Until then, using shared base image with these deps will at least make sure that there's only single instance of these huge libs.
thank you for raising the question. we will feedback to the dev team and update if any progress.
As an example, here's documentation on how Kubeflow images are layered: https://www.kubeflow.org/docs/components/notebooks/container-images/
(Once this ticket has been fixed, similar graph of OPEA image layers would nice.)
I think this PR could solve your issue, https://github.com/opea-project/GenAIComps/pull/221
Feel free to reopen it if you have other concerns.
I think this PR could solve your issue, #221
Feel free to reopen it if you have other concerns.
Only project members can re-open tickets. I cannot.

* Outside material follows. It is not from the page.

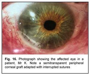 At the time of discharge: UCVA was 0.6 OD and 1.0 OS. On biomicroscopy of the right eye, the conjunctiva was pink; the corneoscleral graft in the external inferior quadrant of the cornea was transparent, adapted with interrupted sutures, and did not stain with fluorescein. The limbus was well vascularized. The rest of the cornea was transparent (Fig. 16).
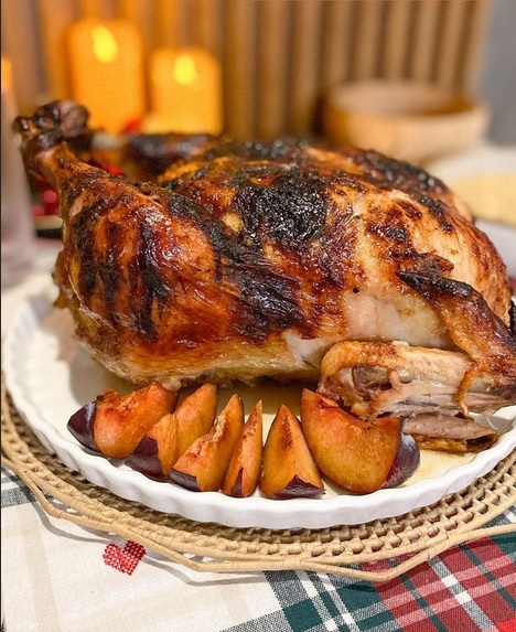 Levar ao fogo baixo o açúcar mascavo, o molho shoyo e manteiga até caramelizar. Pincelar o frango a cada 15 min com essa calda até que fique bem dourado.

=> @chensuyue Please reopen.
Because several containers are using PyTorch, container size can be reduced further (significantly), by putting PyTorch (and other shared dependencies) to an intermediate image that is used as a (shared) base image for the final images needing those deps.
That way:
I.e. it will take significantly less bandwidth, disk space and time, which all are cost reductions on rented clusters.
Dockerfiles will also be more maintainable, with (almost) duplicated content being removed.
Filed https://github.com/opea-project/GenAIComps/issues/265 for rest of the issue.
Problem
After building images using Dockerfiles in this repository, according to instructions here: https://github.com/opea-project/GenAIExamples/blob/main/ChatQnA/docker-composer/xeon/README.md
And investigating their huge download & image sizes, I found out that most of that is due to unwanted Nvidia libraries, pulled in by
sentence-transformers
=>torch
Python module dependencies.To make matters worse, those deps are specified in Dockerfile so that container manager cannot de-duplicate layers on which that content is.
Solution
Better would be to build such images in multiple steps. First building intermediate image(s) that contains common components like
sentence-transformers
and its huge deps, and then using that as base for all the images that need those components.That way Docker and image registries would need to transfer & store that huge (in my case unused) content on disk only once.
Longer term solution
In longer term, I think upstream Torch project should be encouraged to decouple drivers from its downloads to separate modules and document how their users can install what they actually need (in my case, I would prefer OneAPI Level-Zero Intel GPU drivers).